We got musicians, dancers, weavers, and all kinds of artists and craftspeople going again by establishing an apprenticeship program where they could earn money teaching others about their art forms. The program became fairly widespread and they really loved it -- not just because they got the money but because they got some recognition of who they were and what they were all about. We booked a lot of performances and scheduled festivals, which got them work outside of their teaching of the younger people and got work for the younger people who were learning.

NEA: You've had such a full and rich career in this work. What are the accomplishments you're most proud of?

MS. SWEEZY: I'm very proud of the exhibition and book, The Potters Eye: Art and Tradition in North Carolina Pottery. I worked with people in North Carolina to bring out a book about the work of contemporary potters and the influences on their work.
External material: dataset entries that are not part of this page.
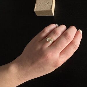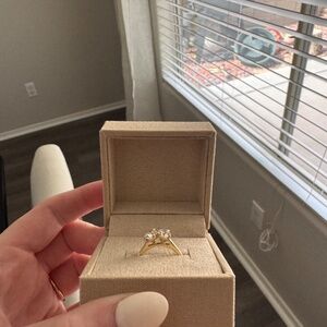 Custom Olive Ave pear and oval engagement ring. 14k yellow gold, 0.75 carat oval and 0.76 carat pear diamond. I have the GIA reports for both stones. Just bought last month, worn maybe twice no scratches or anything. It is under 3 years of warranty and can be extended, free sizing and all that.
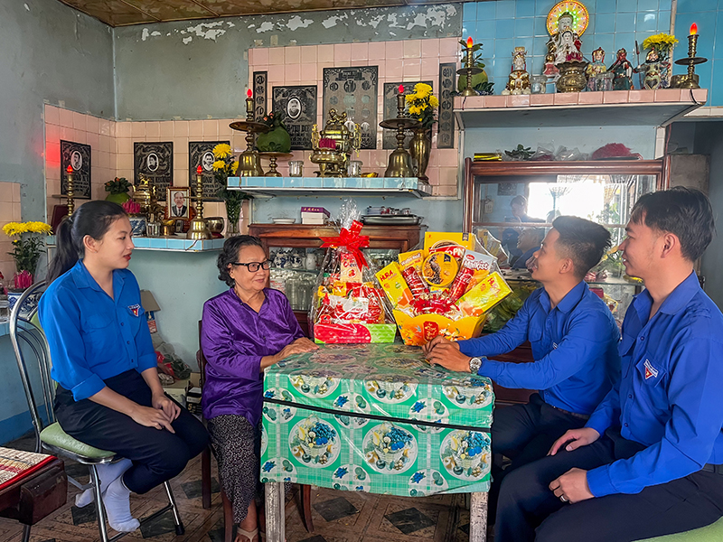 Với tinh thần “Uống nước nhớ nguồn”, Đoàn Thanh niên – Hội Sinh viên Nhà trường đã đến thăm, tặng quà và chúc Tết Mẹ Việt Nam Anh hùng Nguyễn Thị Diệu, 01 gia đình liệt sĩ và 02 gia đình chính sách có hoàn cảnh khó khăn trên địa bàn. Mỗi phần quà trị giá 400.000 đồng, tuy giá trị vật chất không lớn nhưng thể hiện tấm lòng tri ân, sự kính trọng và biết ơn sâu sắc của tuổi trẻ UPT đối với những hy sinh, cống hiến to lớn của các thế hệ đi trước vì độc lập, tự do của Tổ quốc.
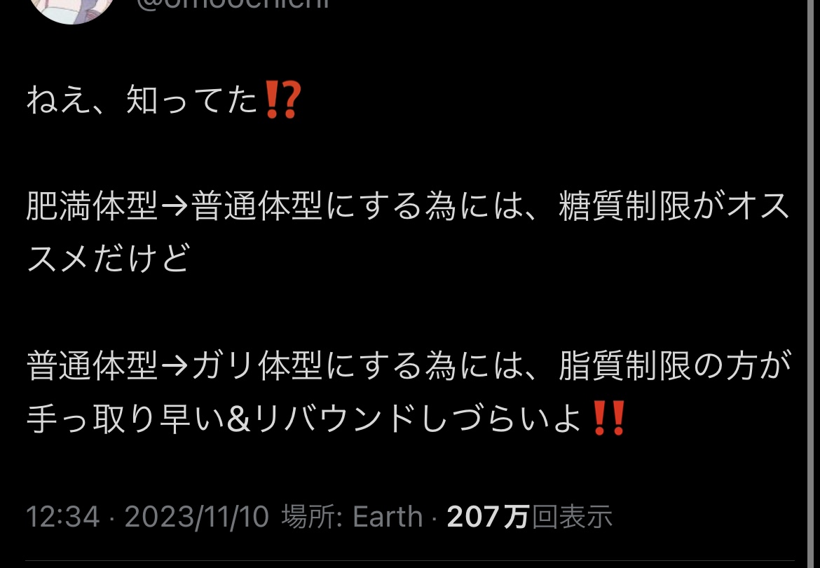 Twitterでから流れて来て、今まで私に糖質制限勧めて来た人は私を肥満って思ってて、脂質制限勧めて来た人は普通って思ってるのかなって考えちゃった😇 我ながらひねくれてるーー こんなこと考えないかわいい性格に生まれたかったなー Pといる時はひねくれるどころかそもそもまともに話そうと思ってないから、まだひねくれてるね!と言われたことはない。 言ってくる人いたらやばいけど笑笑 今日🍽️2件予定あって、生理中で食欲無いのにだるって思ってたら一人「雨のせいで家族といなきゃいけなくなったから、行けないごめん。」ってライン来てpaypay2万送られてた笑笑 理由めっちゃ謎だけどいぇーい! 雨ナイス👍🏻(謎)

I knew the traditional potters in North Carolina very well because of all the studies I've done and the work I had done down there. But I had been away for 20 years and though I knew some very interesting things were going on I wasn't studying them. All of a sudden I was given the opportunity to work with a colleague, Mark Hewitt, a North Carolina potter, to look at this very carefully and mount an exhibition with the North Carolina Museum of Art. He put together the historical part of it, tracing the influences on North Carolina pottery as we have always known it. We all knew that there had been elements of English and German pottery during the early time period of the United States, but what he discovered were the big influences from the East -- from China and Japan and Korea -- especially on the alkaline glaze pottery. Following the line from 200 A.D. forward into the United States is quite fascinating. What I did for the book was talk about the contemporary potters who have followed up on how those influences have mixed in with what we consider the traditional pottery of North Carolina. They're mixing it in now and going to Japan and Korea and working with artists there. It shows in their work. And their work is absolutely spectacular.

What I'm concerned with is how the great traditional arts can be made relevant today. That's what these contemporary potters are doing in North Carolina. I think it's fabulous. The work that we did in The Potter's Eye exhibition sums up my philosophy of what ought to happen in the pottery field.

NEA: Do you have any advice for younger people coming into the folklore field or working as advocates for the traditional arts?

MS. SWEEZY: The most important thing is to get out in the field and meet with the people who are actually doing the work. It's not enough to just read books and go to classes. Not that isn't important to know what other scholars are thinking. But it's like travel. You can read all you want about India, but if you don't go there and experience the atmosphere and the feeling of it, you aren't going to know it. You're going to know it intellectually, but you aren't going to know it inside yourself.

I was often told by other folklorists that I shouldn't do what I was doing with Jugtown Pottery because I was having too much influence on the potters with my ideas. But I'll tell you, if I hadn't gone there that place wouldn't have existed. So you have to take that kind of thing into account. You have to immerse yourself.